Coca-Cola says the new fruit flavors are also an attempt to capture the tastes of young people, who have boosted sales of flavored sparking water, such as LaCroix, Polar and Sparkling Ice, by more than 10 percent each year.
"We're modernizing what has made Diet Coke so special for a new generation," Rafael Acevedo, Coca-Cola North America's group director for Diet Coke, said in a statement. "Millennials are now thirstier than ever for adventures and new experiences, and we want to be right by their side."
The issue may also be less about Diet Coke and more about the health risks of soda in general and artificial sweeteners, Thompson says. Research has shown drinking diet soda every day can put people at a higher risk of stroke and other vascular problems.

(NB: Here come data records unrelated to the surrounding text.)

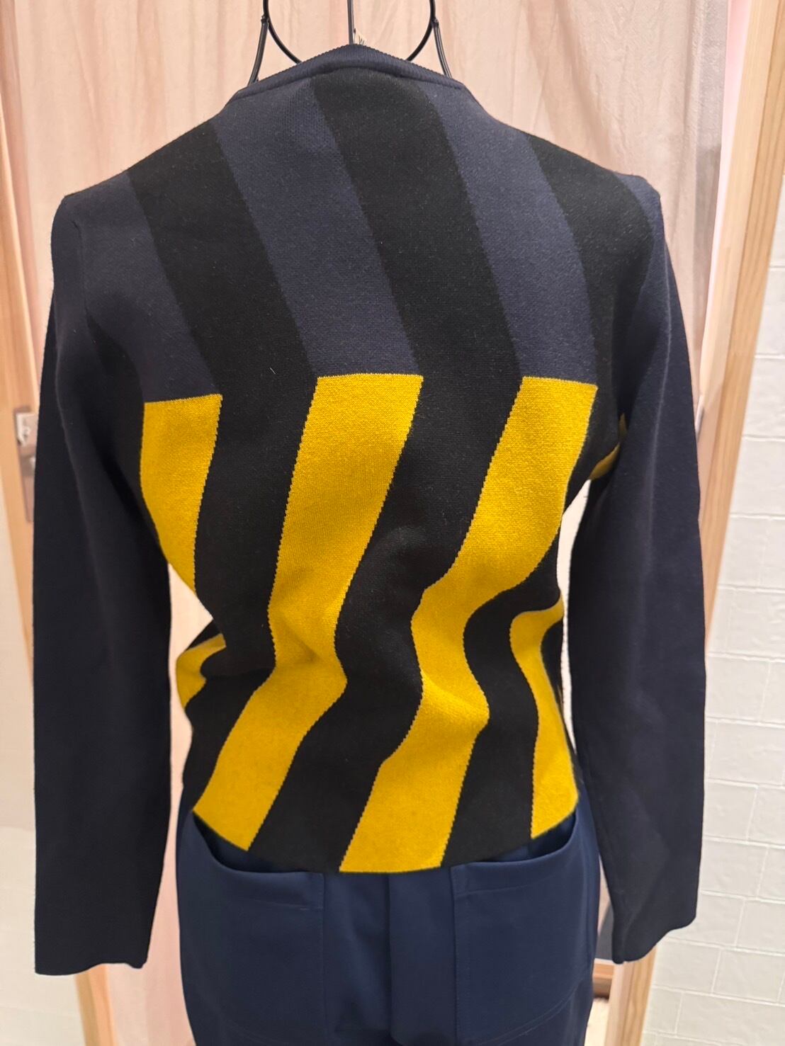 「KENZO Uネックジップアップニット ネイビー×イエロー Mサイズ」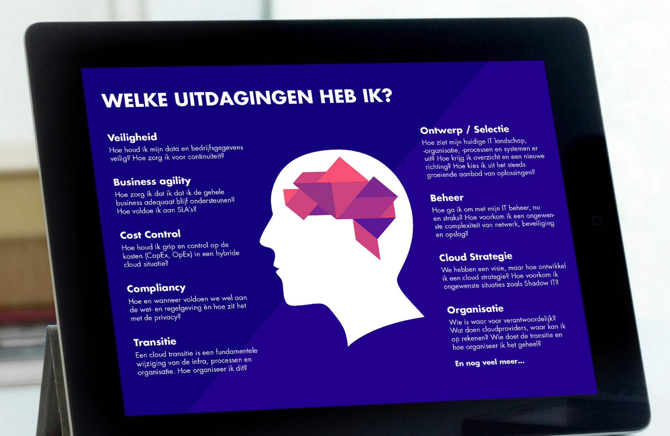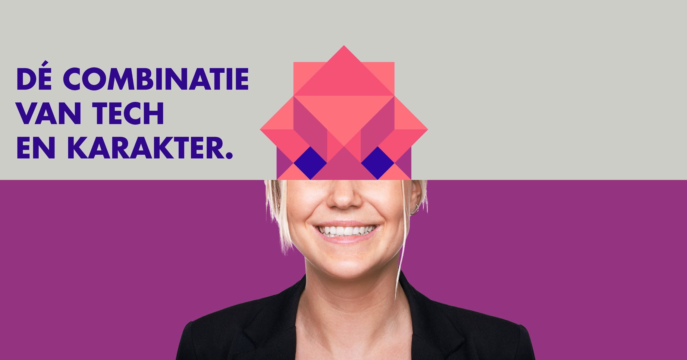 Dit concept leidde tot een krachtig logo: een woordmerk opgebouwd uit basisvormen. Hieruit vloeit een rijke vormtaal, die herkenbaar en tegelijk flexibel is. Om het compleet te maken ontwikkelden we als campagnebeeld het “tangramhoofd”: de medewerker die IT leeft en ademt. Zo verbinden we de mensen en het IT vraagstuk. En wat blijkt: medewerkers, relaties en sollicitanten, allemaal willen ze IT in zijn optimale vorm.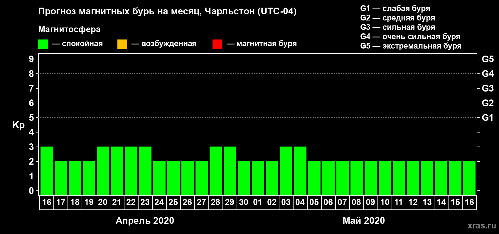 Прогноз магнитных бурь в Чарльстоне на 16 апреля 2020 года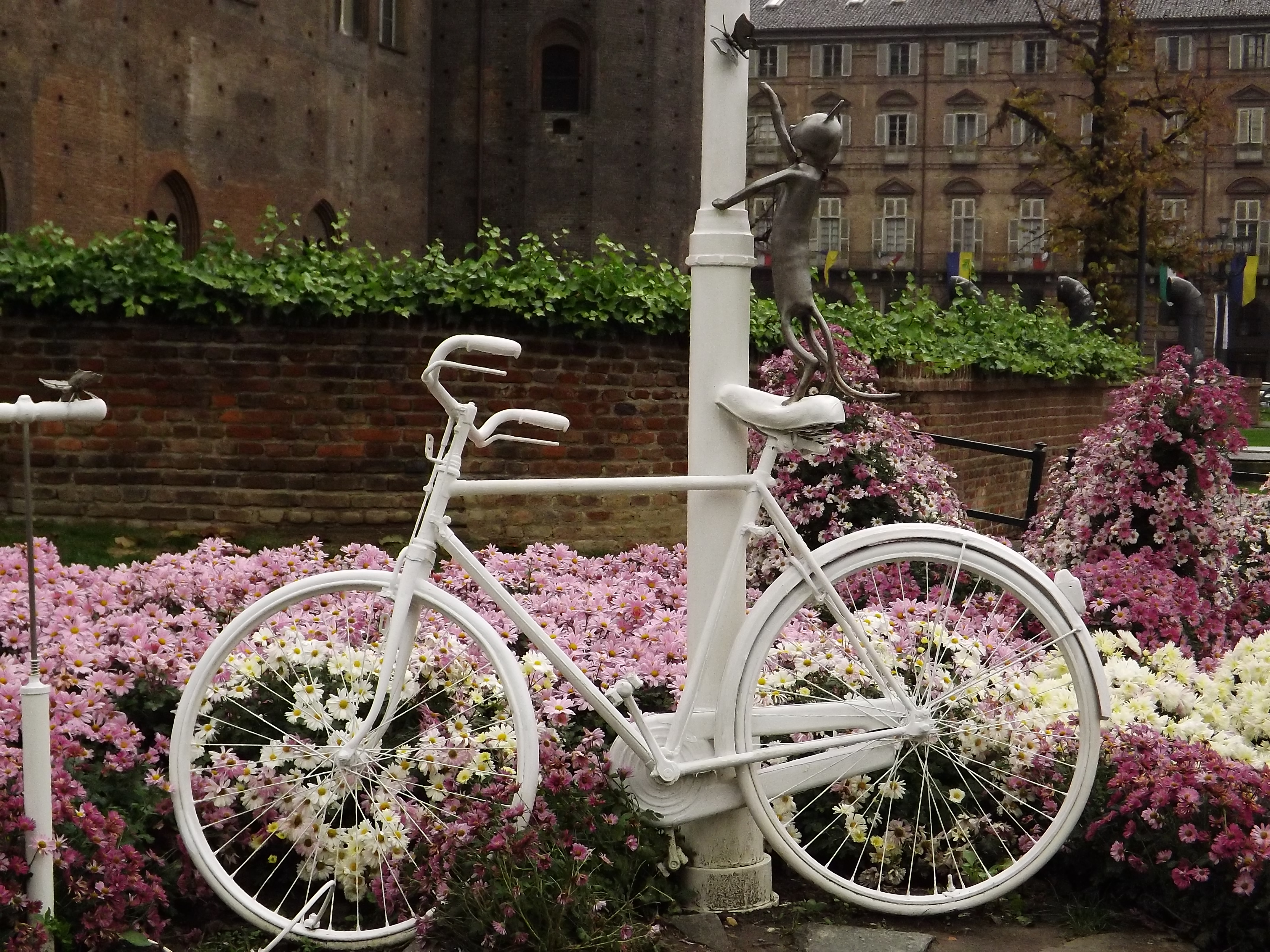 Un tocco di simpatica stravaganza è dato dalle sculture di Rudy, un giardiniere-artista che lavora a Torino e che raccoglie e riutilizza i tanti materiali di recupero che trova in giro, quali metalli, pezzi di legno, plastica, e realizza opere come farfalle, gatti, biciclette, innamorati che si baciano e che distribuisce per il centro della cittá creando questi bellissimi angoli artistici ed ecologici 😍.

"There is a growing consumer focus on health that has hurt soda's domination," he says. "In many ways, the 'diet' in diet soda used to be an attractor. You drank this because you wanted to be thin. But now the concept of a diet cola seems paradoxical and wrong to a lot of today's drinkers."
Coca-Cola is also likely to face challenges in getting current Diet Coke drinkers to try to the new flavors. The company, which alienated customers in 1985 with a reformulated version of Coke, said it tested more than 30 flavor combinations before introducing the new products.
"I am very much a Coke product purist, especially when it comes to Diet Coke," Ayana Lage, a 24-year-old writer from Fort Lauderdale, Fla., told The Wall Street Journal. "The chances of me branching out are slim to none."